Project description:Gene expresison profiles of the R2866 WT and R2866Δ0112 mutant gorwn 7 hours in supplemented brain-heart infusion medium. This experiment was conducted to determine the effects of R2866_0112 gene deletion on overall gene expression profile. The results from this study are further discussed in: Modified lipooligosaccharide structure protects nontypeable Haemophilus influenzae from IgM-mediated complement killing in experimental otitis media.

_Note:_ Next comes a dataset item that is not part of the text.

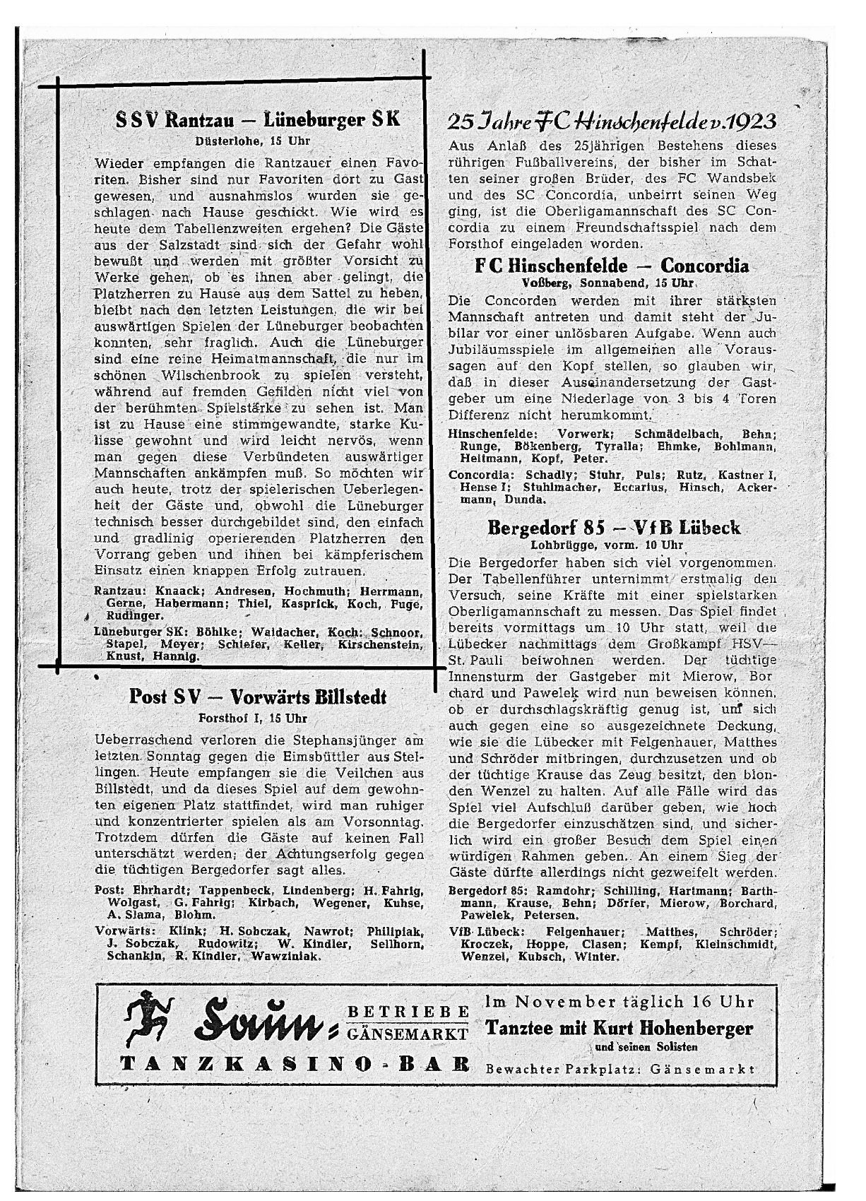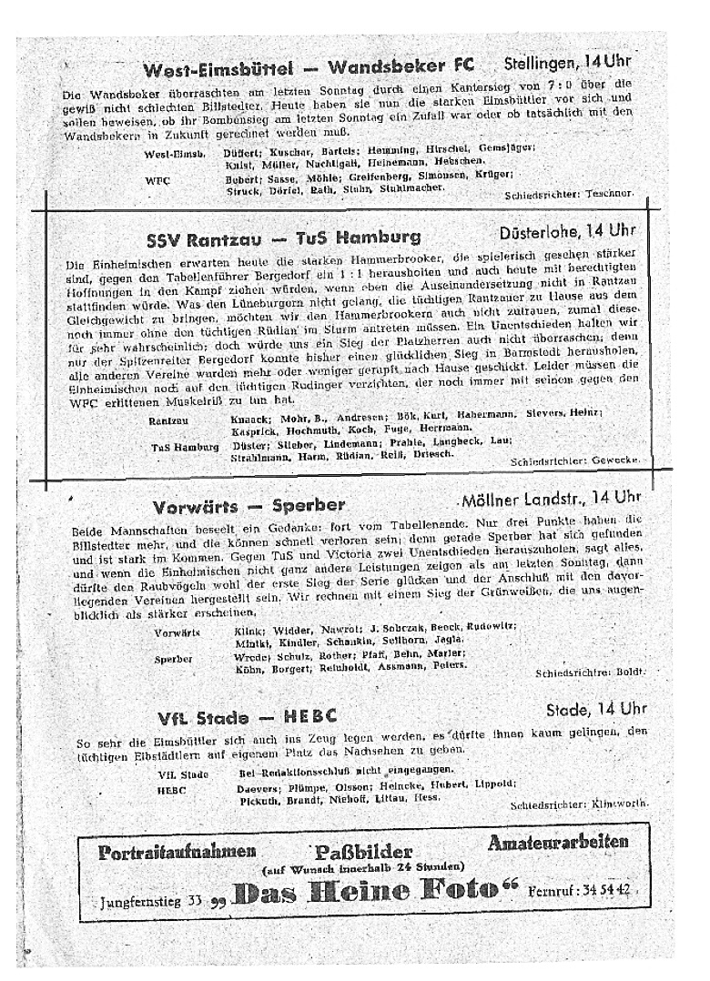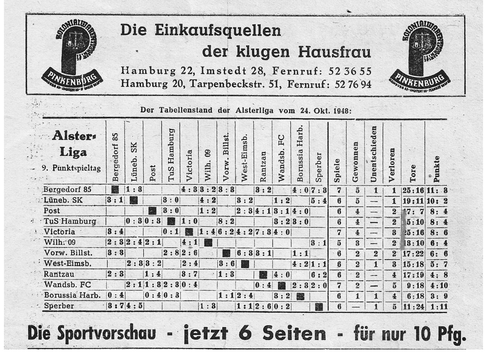 Und so sah der Tabellenstand der Hamburger Alsterliga am 24. Okt. 1948 aus. Der SSV Rantzau hielt sich im unteren Mittelfeld.  Wie man sieht, konnte man die „Sportvorschau“ damals für „nur 10 Pfennig“ erwerben.

Langereis JD, Stol K, Schweda EK, Twelkmeyer B, Bootsma HJ, de Vries SP, Burghout P, Diavatopoulos DA, Hermans PW. MBio. 2012 Jul 3;3(7):e00079-12. doi: 10.1128/mBio.00079-12. Print 2012. R2866 wild-type (n=4) and R2866Δ0112 mutant (n=4) were grown for 7 hours in supplemented brain-heart infusrion medium The 4hr and 7hr analyses were performed separately and, therefore, the background corrections are different between the two experiments.